The interesting thing is that high-school students were using this elementary school parking lot as a staging area for participating in protests this summer, and working in the orchard I was simply ignored. I live in an area of “affluence and privilege”, and it is amazing that if you are engaged in ag labor (bagging), no one disturbs your work to question in the middle of the protests why an old man is sticking Ziplock bags on a bunch of trees.
The unfortunate thing is that the coddling moth just ravaged that crop, even getting into the bags – I will have to investigate a better technique of sealing the stem closure and also training my fellow volunteers. The left pretty big gaps, but some of my bags got loose around the stem and let the moth in.
Up in Door County between two bodies of water, Green Bay and Lake Michigan, our tart-cherry region had a very thin crop – a big disappointment to the many commercial producers along with the neighbor where we go for pick-your-own. My orchard, however, not the biggest crop of Mt Royal plums we ever had, but I picked about 30 gallons (maybe 200 pounds?) from 3 trees and stuffed two freezer compartments with them. It was a little hard timing the harvest because of the heavy brown rot that claimed about a third of the harvest. Yes, yes, I am spraying these trees, just haven’t found the right spray plan to control this.
Looks to be not an insane bumper crop like 2018, but the Door County apple harvest looks strong, apart from my Honey Gold that is all scabby and with a succession of wet summers, my pruning, spraying and orchard hygiene plan of raking leaves and burying grounder apples just isn’t turning the corner there, either.
Our local University of Wisconsin Extension office, which is staffed by the producer where we pick cherries, was warning people of coddling moth all summer long, but that wasn’t a problem by me.

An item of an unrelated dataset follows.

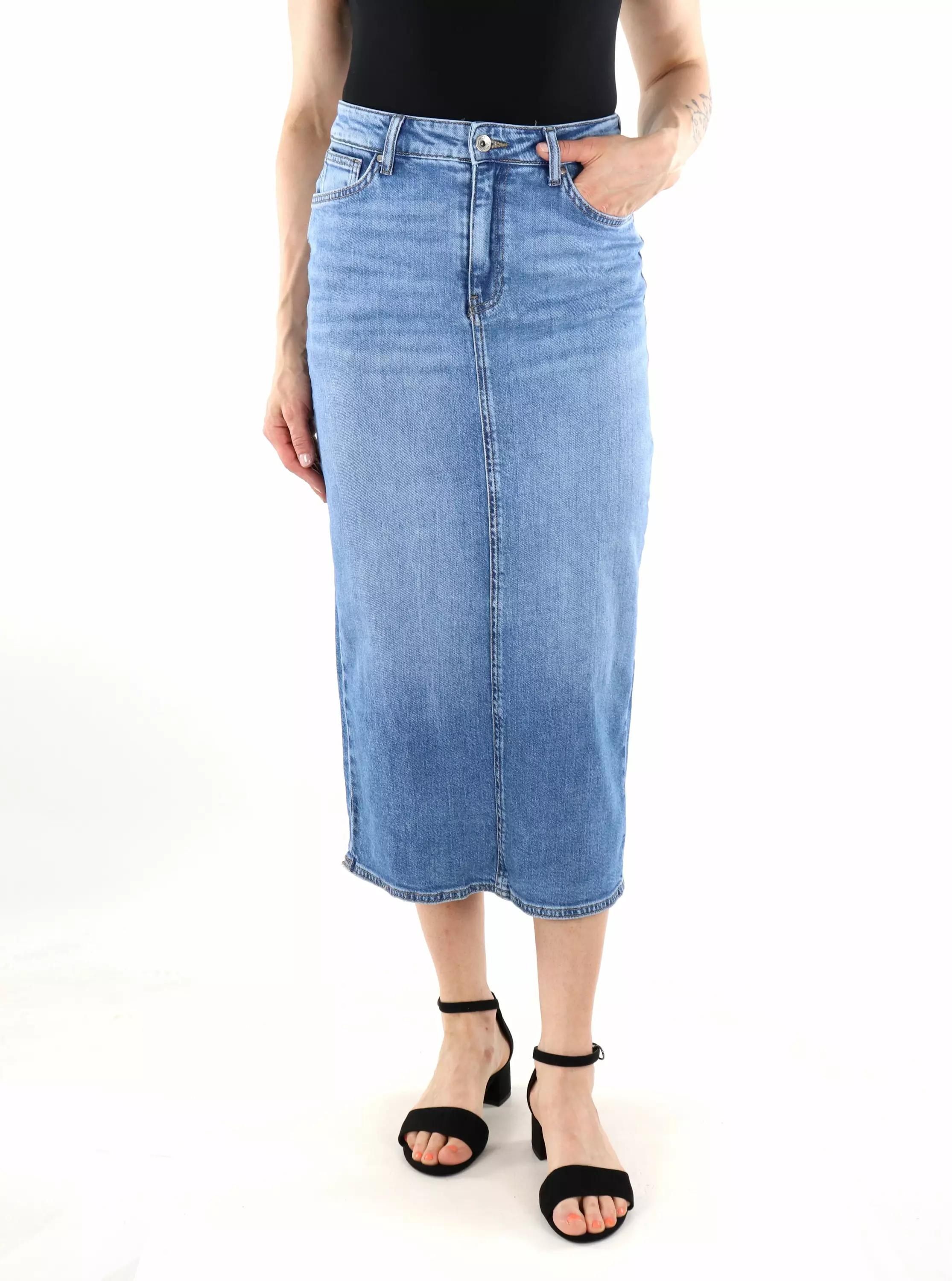 Onlys trendiga jeanskjol i mellanstorlek av mjukt och stretchigt material. En slits i ryggen.

He didn’t think the maggot fly pressure was that high, but the maggot fly was getting past my spray program, especially of the early-season Duchess of Oldenburg apples.
I worry about next season because the carbaryl, and old standby of insect control, is removed from Sevin and replaced by some sort of pyrethroid agent, and Ortho Flower Fruit and Vegetable Insect Killer Concentrate, my source of the neo-nicotinoid Acetamiprid has been pulled from the market and the stocks of this have run out.
I read the label on New Sevin, claiming effectiveness against Curculio, Moth and Apple Fly. It isn’t “curative” in the way the neo-nicotinoids or Imidan is, but the label says it has “residual activity” for 4 weeks. On my hobby orchard, I can’t be spraying every week.
Maybe the powers that be who decide on what sort of fruit tree-labeled insecticides home gardeners are allowed to use deemed to let us pome-fruit peons something that is safe and effective? I do worry about the mite flareup potential and have been warned away from relying on pyrethroid-family because they are as broad-spectrum as the label brags about?.